→ WHAT YOU NEED TO DO:
Omit every picture and output the rest of the records exactly as they are.

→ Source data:
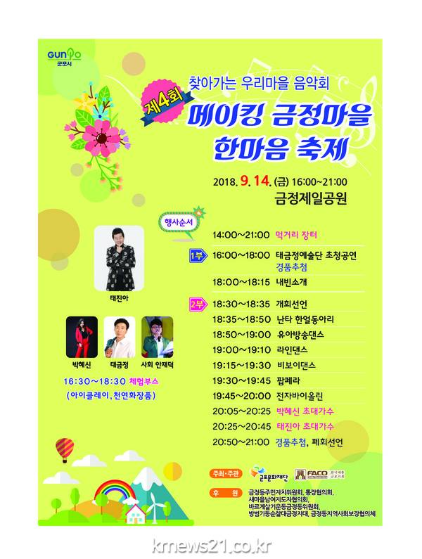 군포시 금정동은 오는 14일 금정제일공원 내 야외무대에서 주민 화합 및 살기좋은 마을 조성을 위해 ‘제4회 메이킹 금정마을 한마음 축제’를 개최한다.
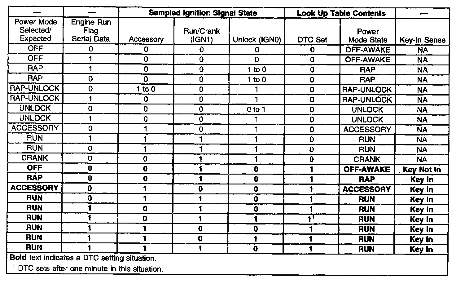 On vehicles that have several control modules connected by serial data circuits, one module is the Power Mode Master (PMM). On this vehicle the PMM is the Body Control Module (BCM). The PMM receives 3 signals/circuits from the ignition switch. These are the Unlock (IGN0), Run/Crank (IGN1) and Accessory (ACC) ignition switch signals/circuits.To determine the correct power mode the PMM uses:
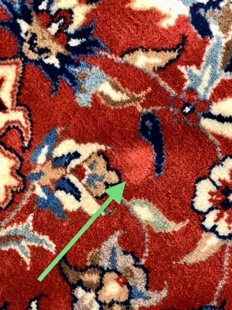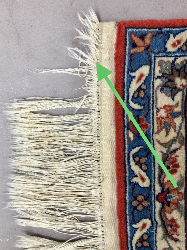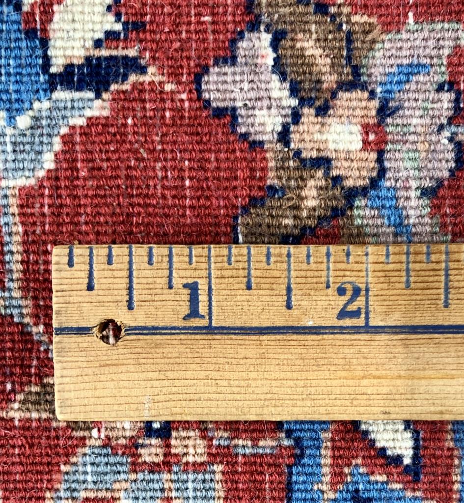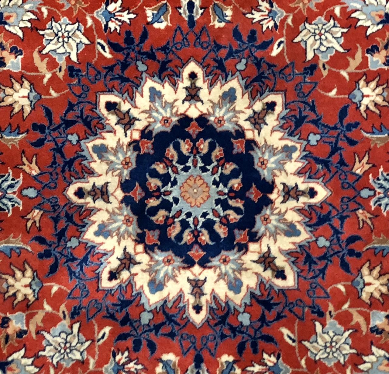 Sino-Persian Kashan style wool rug, hand-knotted, purchased in Germany in 1990, includes original receipt and certificate of authenticity, approximately 4′ x 6′ (not including fringe). CONDITION: Some minor spotting and loss of fringe on one corner. SHIPPING: In-House Shipping Available. Please read our Shipping Policies and Terms and Conditions
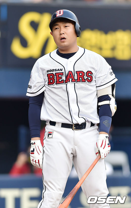 22일 오후 서울 잠실야구장에서 열린 '2015 타이어뱅크 KBO 리그' 두산 베어스와 SK 와이번스의 경기, 1회말 1사 주자 만루 두산 양의지가 타석에서 삼진아웃을 당한 후 아쉬워하고 있다.
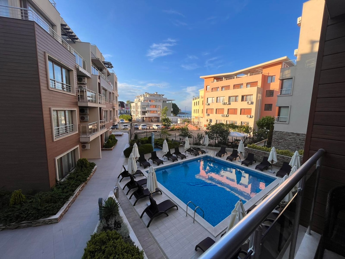 Welcome to our modern, fully equipped one-bedroom apartment, located just 250 meters from Harmani Beach in a peaceful and quiet area of Sozopol. Situated in a charming complex with a swimming pool, the apartment offers the perfect combination of comfort and convenience Enjoy your morning coffee or evening wine on one of the two private balconies with calm views of the Strandzha mountains. The apartment also comes with a private, numbered parking space for your convenience.

→ SOLUTION FOR THIS EXERCISE:
 군포시 금정동은 오는 14일 금정제일공원 내 야외무대에서 주민 화합 및 살기좋은 마을 조성을 위해 ‘제4회 메이킹 금정마을 한마음 축제’를 개최한다.
 On vehicles that have several control modules connected by serial data circuits, one module is the Power Mode Master (PMM). On this vehicle the PMM is the Body Control Module (BCM). The PMM receives 3 signals/circuits from the ignition switch. These are the Unlock (IGN0), Run/Crank (IGN1) and Accessory (ACC) ignition switch signals/circuits.To determine the correct power mode the PMM uses:
 Sino-Persian Kashan style wool rug, hand-knotted, purchased in Germany in 1990, includes original receipt and certificate of authenticity, approximately 4′ x 6′ (not including fringe). CONDITION: Some minor spotting and loss of fringe on one corner. SHIPPING: In-House Shipping Available. Please read our Shipping Policies and Terms and Conditions
 22일 오후 서울 잠실야구장에서 열린 '2015 타이어뱅크 KBO 리그' 두산 베어스와 SK 와이번스의 경기, 1회말 1사 주자 만루 두산 양의지가 타석에서 삼진아웃을 당한 후 아쉬워하고 있다.
 Welcome to our modern, fully equipped one-bedroom apartment, located just 250 meters from Harmani Beach in a peaceful and quiet area of Sozopol. Situated in a charming complex with a swimming pool, the apartment offers the perfect combination of comfort and convenience Enjoy your morning coffee or evening wine on one of the two private balconies with calm views of the Strandzha mountains. The apartment also comes with a private, numbered parking space for your convenience.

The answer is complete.